- Xhixho in 1963
- Born: April 3, 1920 Suhë, Lunxhëri, Gjirokastër, Albania
- Died: November 29, 2002 (aged 82) Tirana, Albania
- Branch: Antifascist National Liberation Movement (LANÇ) National Liberation Army (UNÇ) Albanian National Army Albanian People's Army
- Service years: 1941–1977
- Rank: Major General
- Commands: "Thoma Lula" Battalion ("Çamëria" Battalion) XIX Assault Brigade I Infantry Division VIII Infantry Division V Infantry Division XXII Autonomous Brigade V Mountain Infantry Brigade Unified School of Officers Albanian Military Academy Director of the Combat Training Directorate at Ministry of Defense
- Conflicts: World War II Antifascist National Liberation War
- Education: Frunze Military Academy Voroshilov Military Academy
- Spouse: Sofika Pecani Xhixho
- Children: Vera Xhixho Piro Xhixho Sokol Xhixho

= Thoma Xhixho =

Albanian army leader and theorist (1920–2002)

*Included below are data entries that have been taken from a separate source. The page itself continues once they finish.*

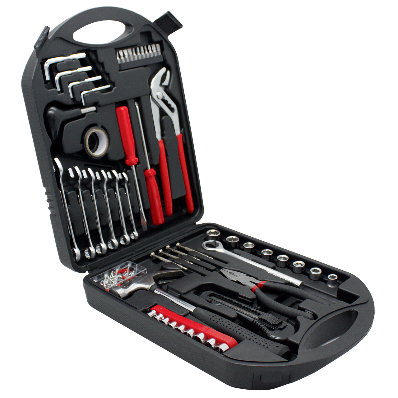Предназначен для обслуживания легковых и грузовых автомобилей, а также для проведения ремонта бытовых конструкций и садовой техники дома и на даче. Инструменты изготовлены из высокопрочной углеродистой стали, благодаря чему достигается их высокая прочность и износостойкость. Кейс выполнен из твердого пластика с замками. Комплектация набора (141 предмет): Нож строительный c выдвижным лезвием. Пассатижи комбинированные 150мм. Переставные пассатижи на шарнире с проточкой 225мм. Молоток-гвоздодер цельнометаллический. Изоляционная лента, черная. Ключи комбинированные рожково-накидные: 8-10-11-12-13-14мм. Шлицевая отвертка 6*4. Крестовая отвертка 6*4. Вороток реверсивный 3/8. Торцевые головки 3/8 – 10-11-12-13-14-15-17-19мм. Торцевые головки 1/4 – 5-6-7-8-9-10-11-12-13мм. Шестигранные ключи, 4шт.: 3-4-5-6мм. Набор бит, 11шт. Отвертка-вороток для съемных бит. Прецизионные отвертки, шлиц 2.0,2.4/крест 2.0,2.4. Крепежные изделия 89шт.
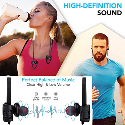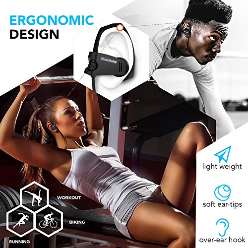 -. Feature : WHAT IS IMPROVED IN BLUETOOTH HEADPHONES ZEUS STORM? Using new high quality headphones speakers, we achieved a better balance between deep bass, soaring highs and clear midrange. Applied new innovations of water resistant Nano technologies for sport headphones we achieved IPx7 waterproof rating. / WORKOUT SPORTS HEADPHONES: Bluetooth earbuds the best for running headphones. Fits for yoga, exercises, hiking, gym, fitness, travelling. Wireless headphones in ear Zeus Storm great for indoor and outdoor activities and comfortable for everyday use. / WIRELESS EARBUDS WITH MIC: Noise cancelling microphone with CVC 6.0 technology built-in bluetooth headphones reduces outside noise and offers strong signal up to 33 feet. Bluetooth earbuds with mic and volume control allow make/end calls with your hands free! / UP TO 8 HOURS OF MUSIC: Zeus Storm sport headphones in ear provide up to 8 hours of play time on a full charge at average volume and 200 hours at stand-by mode. Powerful polymer battery (100AH) takes just up to 2 hours to charge your wireless headphones fully. / BLUETOOTH HEADPHONES AND UNIVERSAL CONNECTIVITY: Bluetooth V4.1 technology allows easily to pair your sport earbuds to iPhone, and Android phones. Multi-points connection: the wireless earbuds can pair two Bluetooth devices at the same time. GET 100% SATISFACTION or get a refund/replace! 30 days no questions asked return policy and a TWO-YEAR WARRANTY - your purchase is totally RISK-FREE!
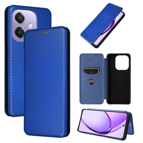 Funda de Cuero con Tapa y Textura de Fibra de Carbono para Oppo A3X 5G (Azul)

Thoma Koço Xhixho (April 3, 1920 – November 29, 2002) was a major-general of the Albanian Army, military scientist, founder and first commander of the Albanian Military Academy. He is one of the framers of the Albanian Military Art, as well as the base documents and regulations for training in the Albanian Army. During World War II, Thoma Xhixho was one of the important leaders of the National Liberation Army (UNÇ). At the onset of the Antifascist National Liberation Movement (LANÇ) in Albania, he was one of its first members and one of the first commanders of the armed war against occupation forces.

Born in Suhë of the Lunxhëri region, Gjirokastër, Xhixho was raised in a family with longtime patriotic traditions. He came in touch early on with antifascism and the National Liberation Movement (LANÇ). Xhixho gradually rose through the ranks of the LANÇ and the National Liberation Army (UNÇ), from guerrilla unit commander, company kommissar, battalion kommissar and subsequently Brigade kommissar. During WWII he was at the command of some of the combat operations against the military forces of Fascist Italy and Nazi Germany in the I^{st} Operational Zone Vlorë-Gjirokastër-Mallakastër.

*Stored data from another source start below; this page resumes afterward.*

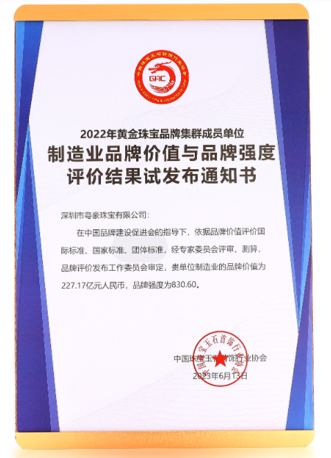大会期间,试发布了“2022年黄金珠宝品牌集群成员单位品牌价值与品牌强度”评价结果,云顶国际集团珠宝品牌价值227.17亿元,品牌强度830.60。
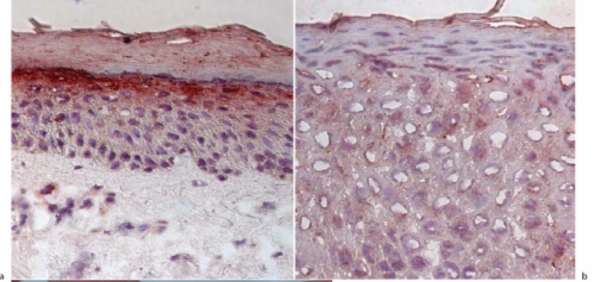 a) positive control individual (normal) staining for LEKTI in the cells of the granular layer;
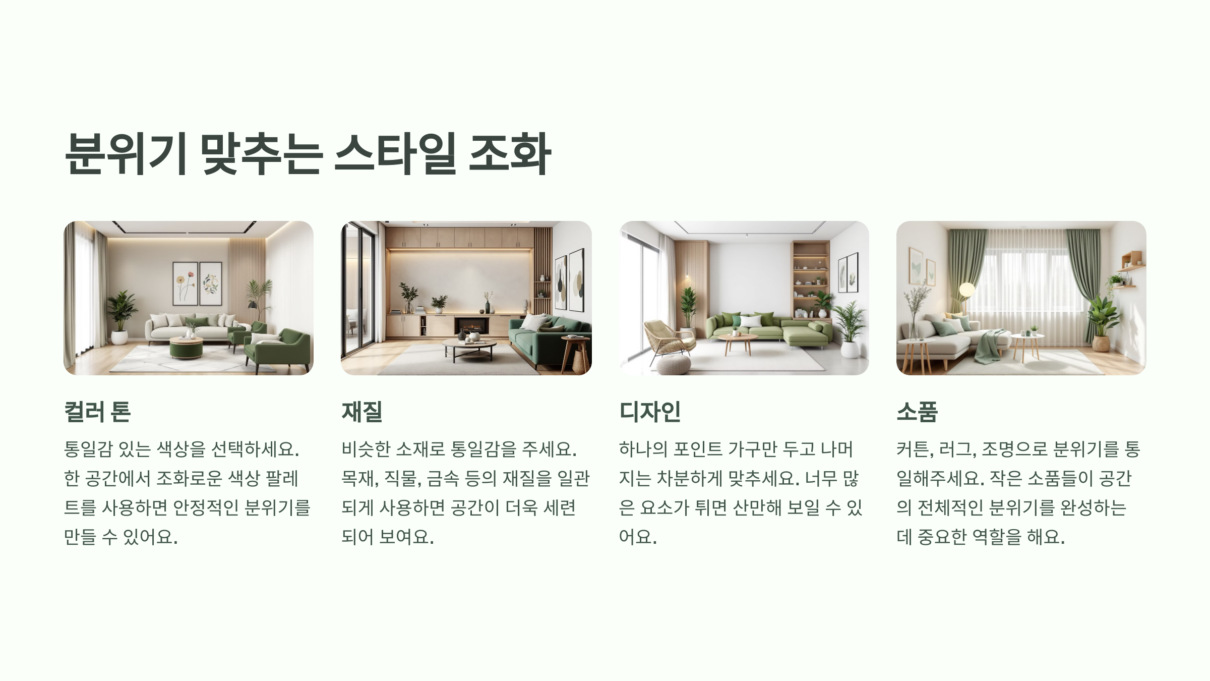 또한 커튼, 러그, 조명 같은 소품으로 분위기를 통일해주는 것도 스타일 밸런스를 맞추는 중요한 포인트예요. 작은 것 같지만 전체 인테리어에 큰 차이를 만들어요.
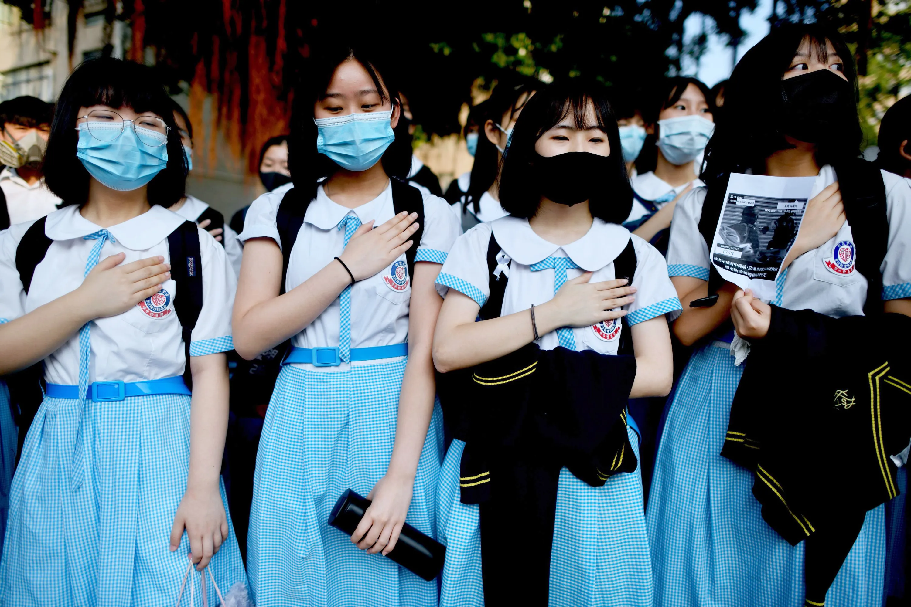 Schoolmates of form five student Tsang Chi-kin, 18, who was shot in the chest by police during violent pro-democracy protests that coincided with China's October 1 National Day, place their hands on their chests during a protest at a school in Hong Kong on October 2, 2019. Hundreds of Hong Kongers staged a sit-in on October 2 outside the school of a protester who was shot by police as authorities said the wounded 18-year-old was now in a stable condition. (Photo by Mohd Rasfan/AFP Photo)
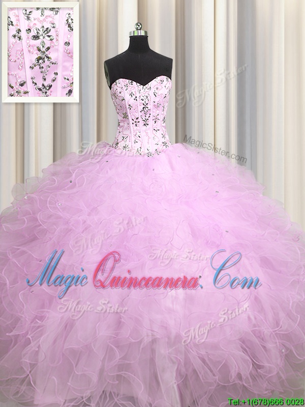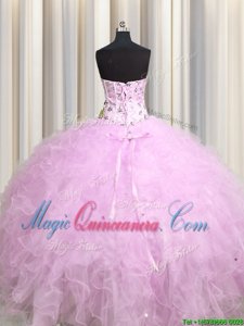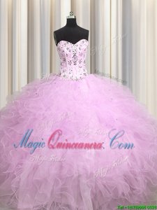 Most Popular Visible Boning Lilac Tulle Lace Up Quinceanera Dress Sleeveless Floor Length Beading and Appliques and Ruffles
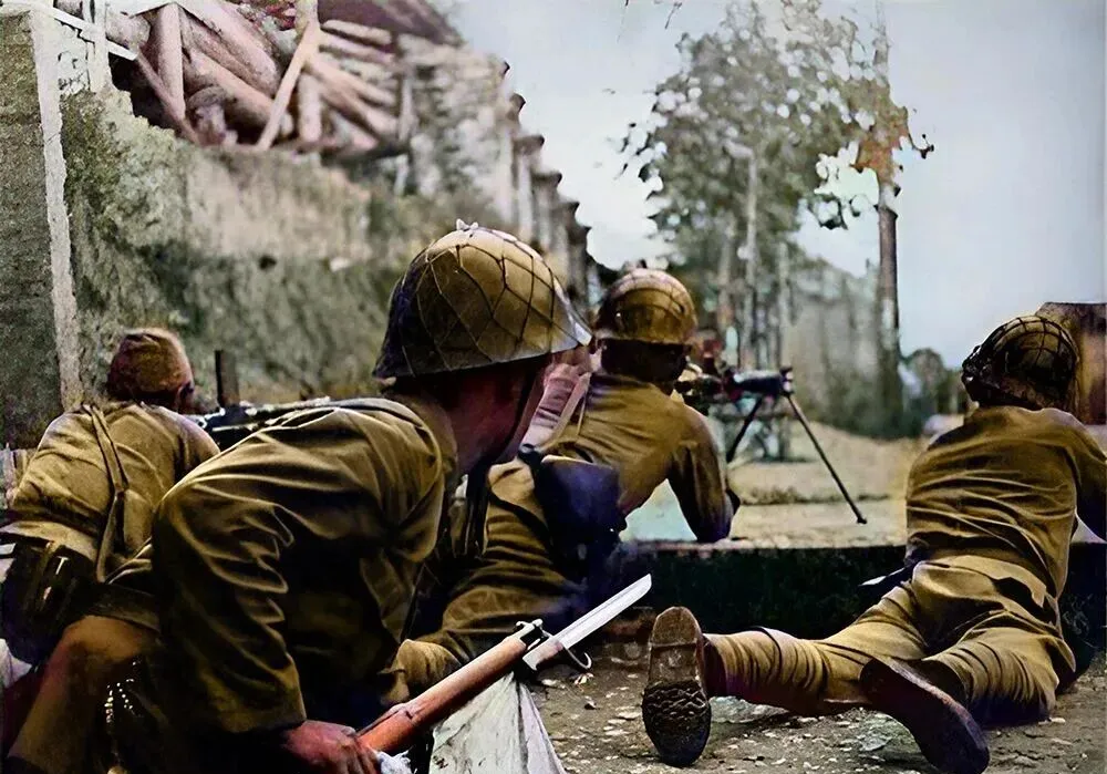 图中这排火力点叫机枪阵地,沙包、木板、门洞,随手就能成工事,几个兵猫着腰,扳机扣得紧紧的,街角空得出奇,连麻雀都绕路飞,奶奶说以前这里吆喝声不断,现在照片里只剩冷清。
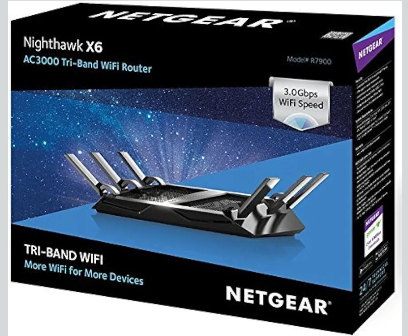 Fast NETGEAR Nighthawk X6 AC3000 Tri-Band WiFi router. Model R7900. Has 3.0Gbps WiFi speed and Gigabit Ethernet ports. Compatible with Amazon Echo/Alexa. Good for lots of devices.
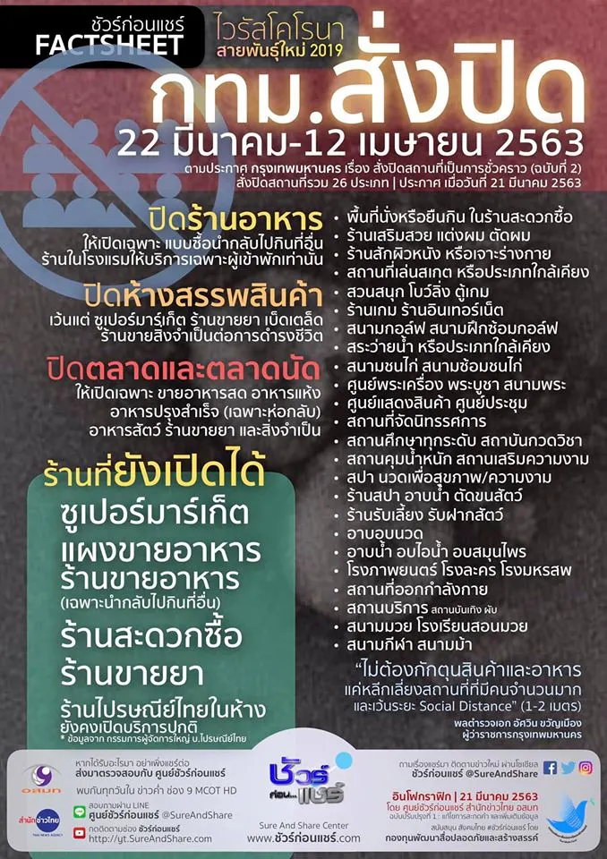 กทม. สั่งปิดสถานที่เสี่ยงเพิ่ม 22 วัน เริ่ม 22 มี.ค. -12 เม.ย. 63 เว้นซูเปอร์มาร์เก็ต ร้านสะดวกซื้อ ร้านอาหารขายได้เฉพาะหิ้วกลับบ้าน

In the postwar years, Xhixho served at the helm of Divisions and other military units of the Albanian National Army (Ushtria Kombëtare Shqiptare) and contributed in raising and restructuring Albanian Army units, which had recently come out of the war. He was the commander of the Unified School of Officers and commander of the Albanian Military Academy. In the years 1960–1970, Xhixho was Director of the Army's Combat Training at the Defense Ministry.

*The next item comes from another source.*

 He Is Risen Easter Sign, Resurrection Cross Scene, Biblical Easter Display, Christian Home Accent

== Early life and activity ==
Thoma Xhixho was born the youngest of fourteen children, to an Albanian family in Suhë, Lunxhëri, Gjirokastër County, in Southern Albania. His father, Kostandin (Koço) and his mother Katerina, along with his entire family worked in agriculture. Xhixho completes elementary school in Suhë and partly in Poliçan. At a time when most of the population of Albania did not receive any formal education or only completed elementary school, Xhixho with the support of his family, became the first from his birthplace to attend high school (gymnasium). He completed the gymnasium in Gjirokastër (today named "Asim Zeneli Gymnasium"). During these years, he helped and worked for the family who had sheltered him in the city and also worked briefly as an unpaid clerk in a law office in Gjirokastër. Upon finishing school, he returned to his family in Suhë, where he worked for some time in agriculture, in support of his family members. At this time he is accepted in a military instruction course organized and administered by the government. He is sent to Tirana and Caserta, Italy to study. With Albania's invasion by Fascist Italy, Xhixho returns to his homeland. During this time, he gets in touch with the communists and the National Liberation Movement (LANÇ) which was beginning to take shape. He gets in touch and works with some of the main figures of the LANÇ such as Bedri Spahiu, Tahir Kadare, Vasil Kati etc.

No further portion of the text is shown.